Nuansa Ramadhan yang tak Biasa Bagi Muslim Nepal

Muslim Nepal biasa menjalani Ramadhan dalam kebersamaan.

NARENDRA SHRESTHA/EPA
Nuansa Ramadhan yang tak Biasa Bagi Muslim Nepal. Sukarelawan Muslim Nepal berdoa disela kegiatan mengelola makanan yang akan disumbangkan di Masjid Jame, Kathmandu, Nepal, Sabtu (25/4). Komunitas Muslim Nepal memprakarsai distribusi makanan bantuan kepada orang-orang yang membutuhkan di tengah kebijakan lockdown yang dilakukan pemerintah Nepal guna mencegah penyebaran virus corona.
Rep: Kiki Sakinah Red: Ani Nursalikah

REPUBLIKA.CO.ID, KATHMANDU -- Umat Muslim di seluruh dunia tengah bersuka cita menjalani ibadah puasa Ramadhan. Ramadhan biasanya identik dengan momen berkumpul dan mempererat silaturahim. 

Baca Juga


Namun, Ramadhan tahun ini harus dijalani di bawah bayang-bayang wabah virus corona. Nuansa Ramadhan seperti biasa pun tidak bisa dirasakan Muslim kali ini. Ramadhan yang tak biasa juga dirasakan oleh Muslim di Nepal.

"Kami tidak pernah menjalani Ramadhan seperti ini. Bagi kami, Ramadhan adalah bulan penuh urusan kebersamaan. Tapi tahun ini, Ramadhan benar-benar berbeda," kata Asgar Ali, seorang pebisnis berusia 50 tahun dari Asan, Kathmandu, Nepal, dilansir di The Kathmandu Post, Rabu (29/4).

Setiap tahun pada bulan kesembilan dari kalender Islam, Muslim di seluruh dunia menjalani puasa Ramadhan. Ali mengungkapkan, sebagian besar dari mereka berpuasa atau shaum pada bulan Ramadhan, yang memang merupakan salah satu dari lima rukun Islam.

Walaupun ada pengecualian, misalnya wanita yang hamil, orang yang sakit, dan anak-anak yang belum mencapai usia baligh, mereka tidak didorong untuk berpuasa. Namun, kata Ali, mereka yang berpuasa harus menjalankannya dengan niat yang tulus dengan keyakinan pahala mereka akan dilipatgandakan jika mereka berpuasa di bulan suci ini.

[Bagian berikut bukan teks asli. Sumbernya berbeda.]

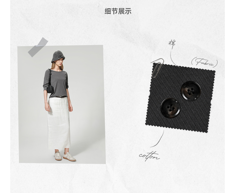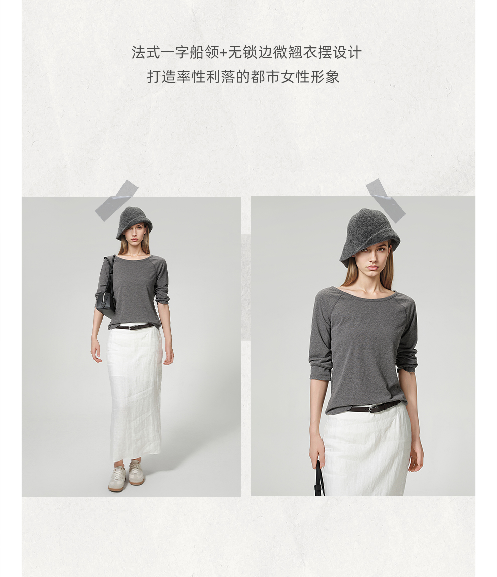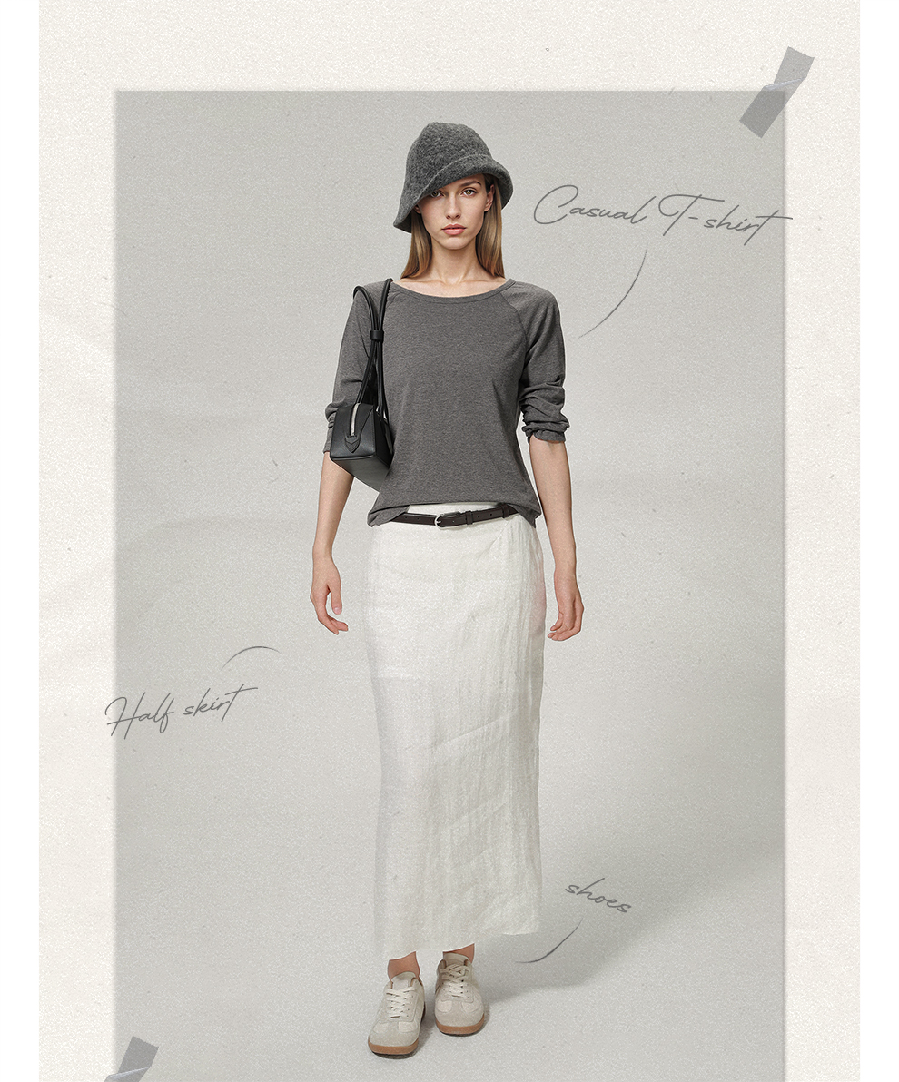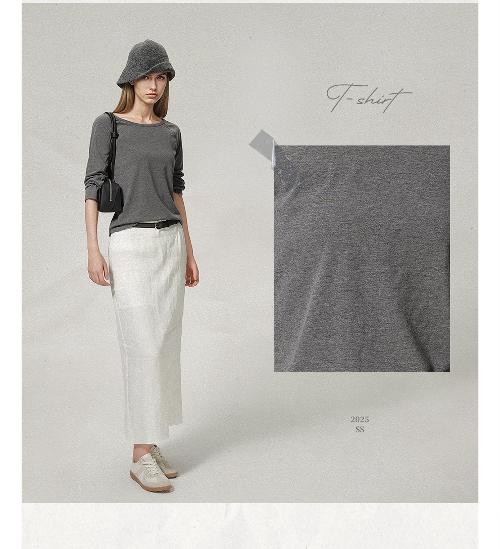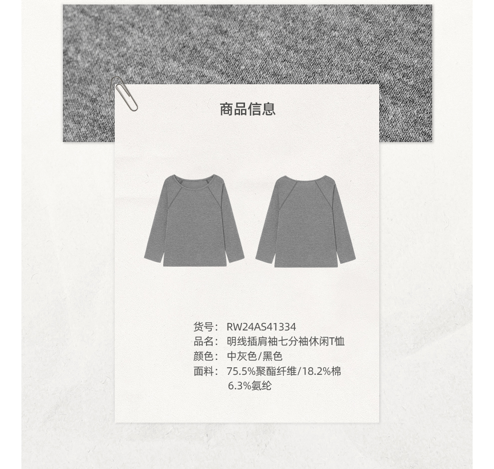 ROMI STUDIO“法式优雅”卷边弹力肤感休闲圆领中袖T恤 RW24AS41334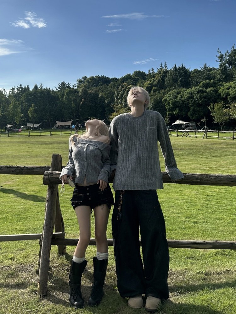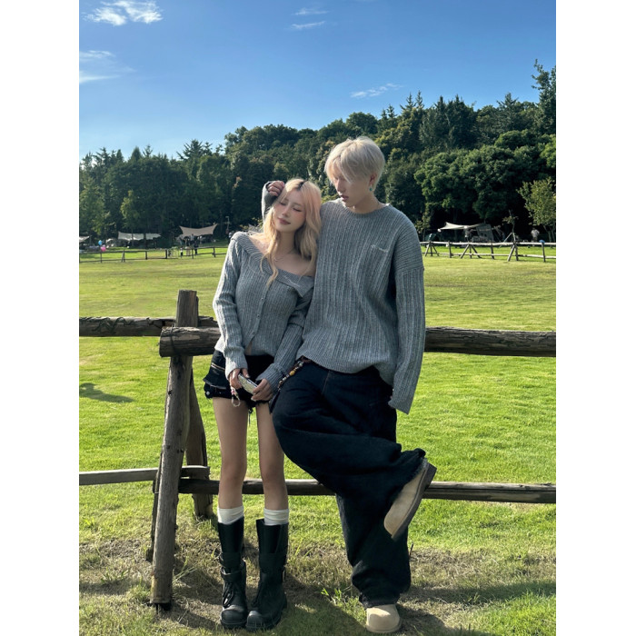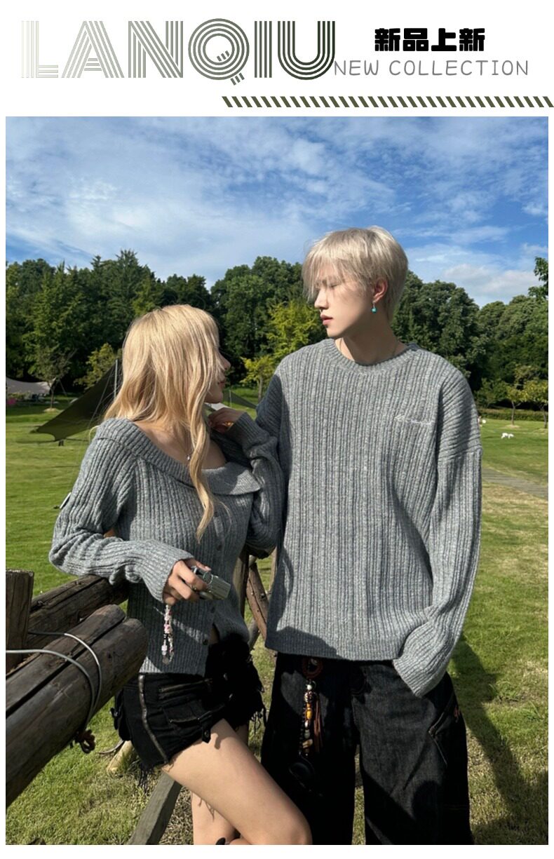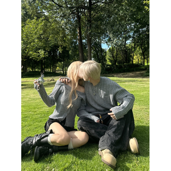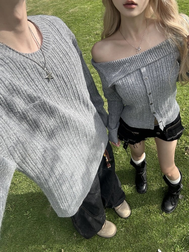 情侶裝2025秋冬新款純欲一字肩毛衣圓領軟糯綿韓系計感針織衫上衣
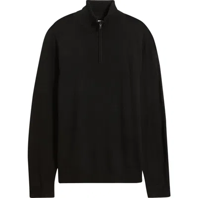 Washable Merino Wool Quarter Zip Sweater In Black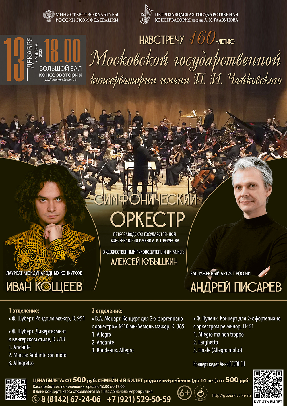 13 декабря 2025 года в 18.00 в Большом зале консерватории (ул. Ленинградская, 16) состоится концерт «Навстречу 160-летию Московской государственной консерватории имени П. И. Чайковского»
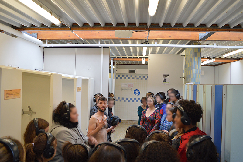 Il ne parle plus, mais sa voix intérieure se prolonge par un chuchotement dans le casque pendant qu’il enfile sa combinaison dans des gestes mesurés :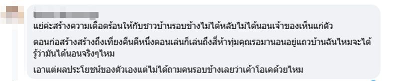 อีกทั้งชาวบ้านที่อาศัยอยู่บริเวณดังกล่าวได้ออกมาโพสต์คลิปผ่านทางช่องทางติ๊กต็อก ให้ได้ยินเสียงของผู้ที่เล่นเครื่องเล่นดังกล่าง พร้อมระบุแคปชั่นว่า "จะบ้าตาย ฟังจนปวดหูไปหมด ถ่ายจากห้องนอน ประเชิญหน้าจังๆ นี่ขนาดปรับให้หมุนช้าลงแล้วหรอ" ซึ่งหลังจากที่ผู้ใช้ติ๊กต็อกได้โพสต์คลิปนี้ออกไปนั้น ก็มีชาวเน็ตเข้ามาแสดงความคิดเห็นเป็นจำนวนมาก ทั้งเห็นด้วยว่าเสียงดังเกินไปจริงๆ และก็มีบางคอมเมนต์ก็ได้บอกว่าไม่ได้ดังรบกวนขนาดนั้น

Orang-orang dalam lingkaran menunggu bantuan yang didistribusikan oleh Newa Muslim Society di Kathmandu, Nepal, Rabu (15/4). Masyarakat Muslim Newa memasok bantuan untuk 50 keluarga berpenghasilan rendah yang rentan pascalockdown - (EPA-EFE / NARENDRA SHRESTHA)

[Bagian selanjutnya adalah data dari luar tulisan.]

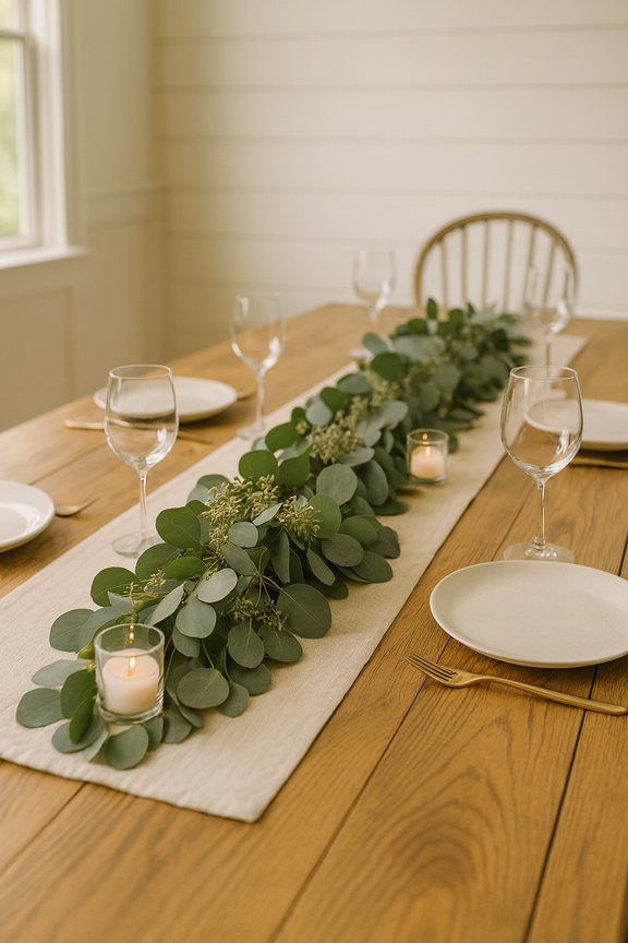 Perfect for weddings, events, and home décor, this garland creates a fresh, organic feel wherever it’s placed. Whether draped across a farmhouse table, hung on a mantel, or styled along a wedding arch, it transforms your space with its graceful movement and vibrant greenery.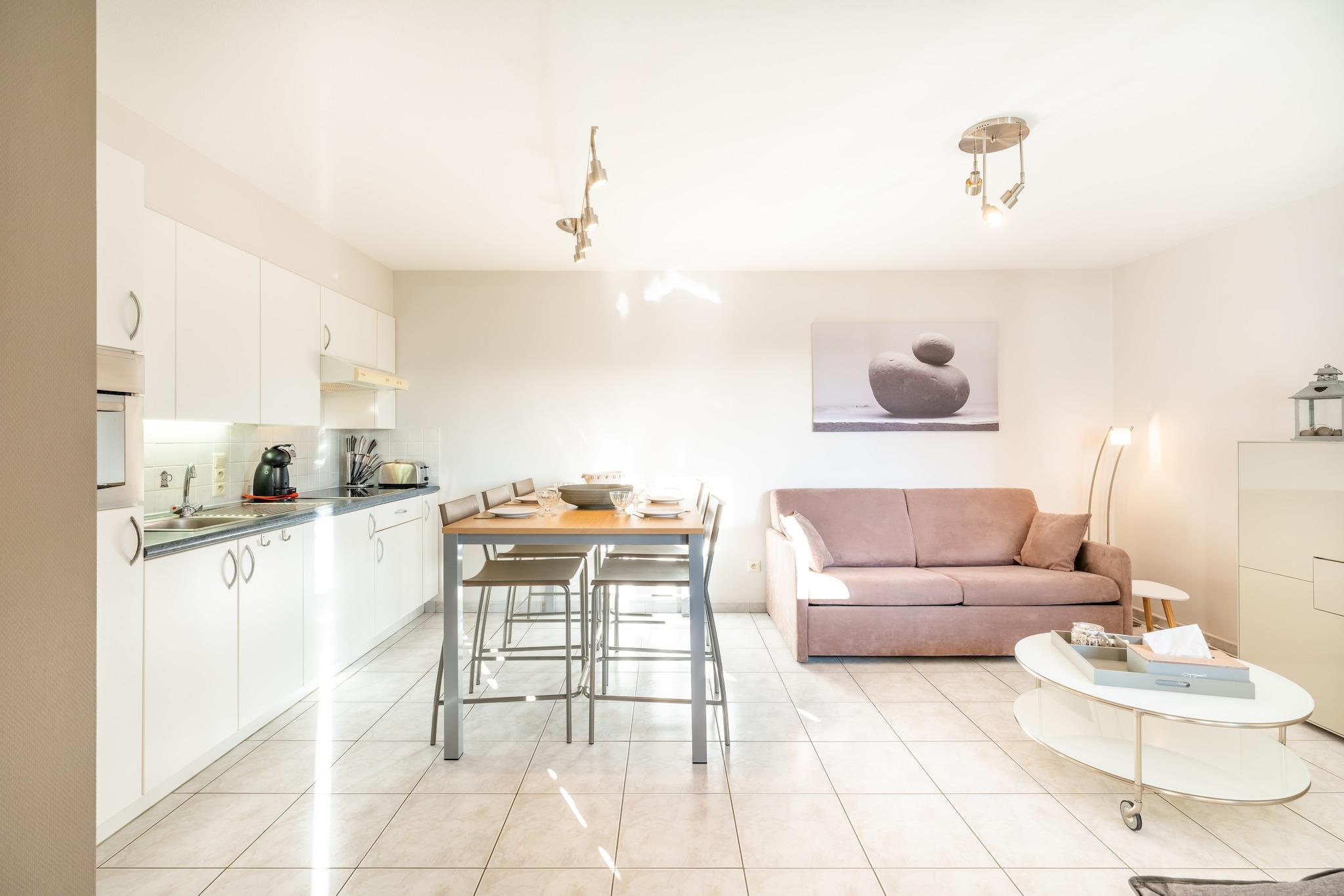 Charmig lägenhet med ett sovrum inom gångavstånd från havet (ingen större gata att korsa). Lägenheten ligger mellan Koksijde och St-Idesbald, på Residence Koksijde Promenade i sanddynerna. Spårvagnshållplats i närheten. Perfekt att röra på sig under din vistelse. Du kan hitta planen för lägenheten på bilderna. Denna bekväma och snygga lägenhet består av en hall med en sovalkov, ett vardagsrum med ett öppet fullt utrustat kök, en rymlig och möblerad solig hörnbalkong med utsikt över trädgården, ett sovrum, ett badrum med dusch, inga husdjur tillåtna, ingen rökning, parkeringsplats ingår. OBS: underjordisk parkering för små bilar och bra förare! Obs: Det är en rabatt på 10 % som införs på grund av pågående byggnadsarbeten som innebär buller och kan påverka lugnet och lugnet i området.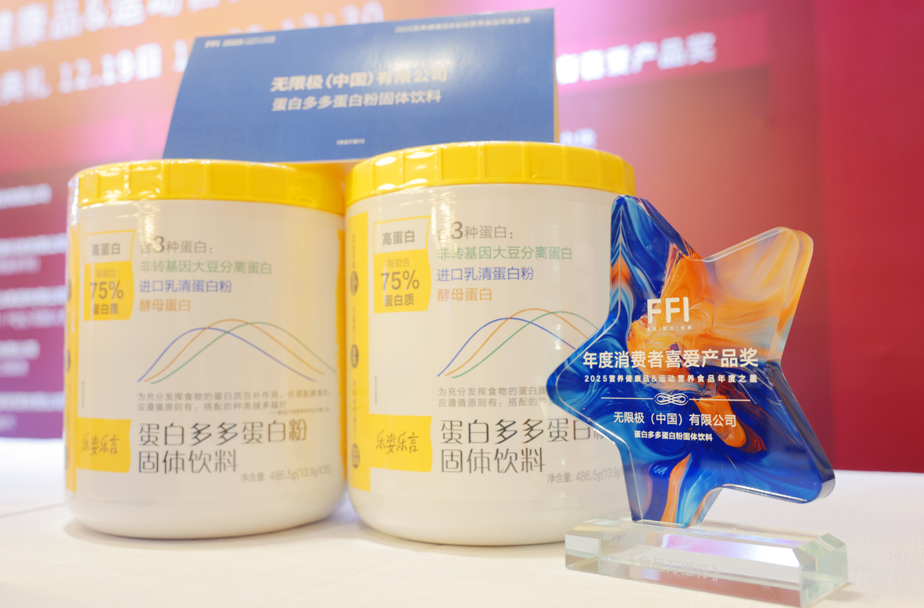 同期举办的2025营养健康品&运动营养食品年度之星颁奖典礼上,无限极旗下“乐姿乐言”品牌的明星产品“蛋白多多蛋白粉固体饮料”,斩获“年度消费者喜爱产品奖”,充分印证了这款产品的硬核产品力与良好用户口碑。

Biasanya, waktu berbuka puasa di bulan Ramadhan dijadikan momen berkumpul bersama anggota keluarga lainnya atau pun teman. Bahkan, umat Muslim juga kerap berbuka puasa bersama di masjid-masjid.

Namun, karena wabah Covid-19 yang tengah melanda Nepal dan hampir semua negara lainnya di dunia, Muslim hanya bisa mengadakan buka puasa di rumah saja. Protokol pencegahan wabah dan aturan pembatasan sosial mengharuskan masyrakat menghindari perkumpulan dan bentuk keramaian lainnya. Ali mengatakan, berbuka puasa pada Ramadhan kali ini berbeda.

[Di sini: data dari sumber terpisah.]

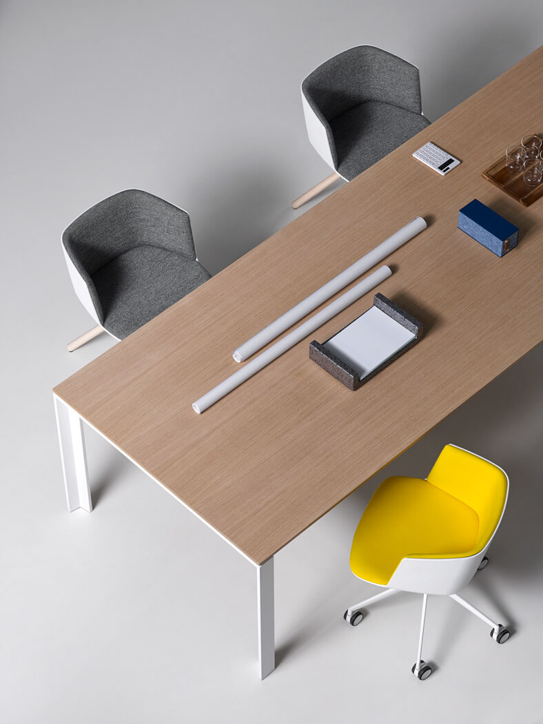 | Material: | Tisch mit Gestell aus Aluminiumprofilen, pulverlackiert. Tischplatte in HPL Fenix® mit Stärke 10 mm oder aus Holz mit Stärke 16 mm. Gleiter aus Polyethylen. |
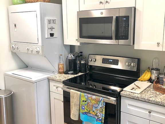 Beautifully updated two bedroom, one bathroom apartment just 2 blocks from MUSC in downtown Charleston. Wonderful location on the corner of Ashley Ave and Spring St, close to great restaurants and businesses. Apartment has been renovated with high end finishes including wood floors, open kitchen with shaker-style cabinets, granite countertops and stainless appliances. Apartment has central heating/air, ceiling fans throughout, and front load washer and dryer in unit. Exterior was recently painted and new energy efficient windows were installed. Second floor unit with safe, key-code entry. Off-street parking lot shared by tenants. Well-behaved pets allowed with one-time pet fee. Rent is $1800/month. Security deposit is one month's rent. Well-behaved pets considered with pet fee. Call or email Carson to set up a showing.

"Sebelumnya, saya dulu menikmati berbuka puasa karena menyatukan komunitas saya. Sekarang kami tidak mengundang, bahkan teman-teman kami dari daerah kami, karena kami harus mengikuti aturan jarak fisik," kata Ali.

Seorang aktivis sosial dari Nepalgunj, Mohd Irfan (27 tahun), mengungkapkan esensi sejati Ramadhan terletak pada merayakannya dalam kebersamaan. Namun, kali ini mereka hanya melakukannya dengan anggota keluarga yang terbatas dan juga dengan makanan yang terbatas.

 

 

"Karena kami sedang berusaha mengurangi terlalu banyak keluar rumah. Karena itu, kami tidak mendapatkan cukup makanan seperti kurma, sewai dan Rooh Afza, yang biasanya dikonsumsi selama Ramadhan ini," kata Irfan.

Tahun ini, Ramadhan memang tidak terasa lengkap bagi banyak Muslim. Begitu pun apa yang dirasakan Irfan, Ramadhan ini menurutnya dimulai tanpa daya tarik dan sangat berbeda dari apa yang mereka alami sebelumnya.

Demikian pula dengan pelaksanaan sholat tarawih, pada Ramadhan kali ini Muslim tidak bisa menggelar sholat tarawih berjamaah di masjid. Di tengah kondisi wabah ini, Muslim di Nepal juga hanya bisa melaksanakan sholat tarawih di rumah masing-masing.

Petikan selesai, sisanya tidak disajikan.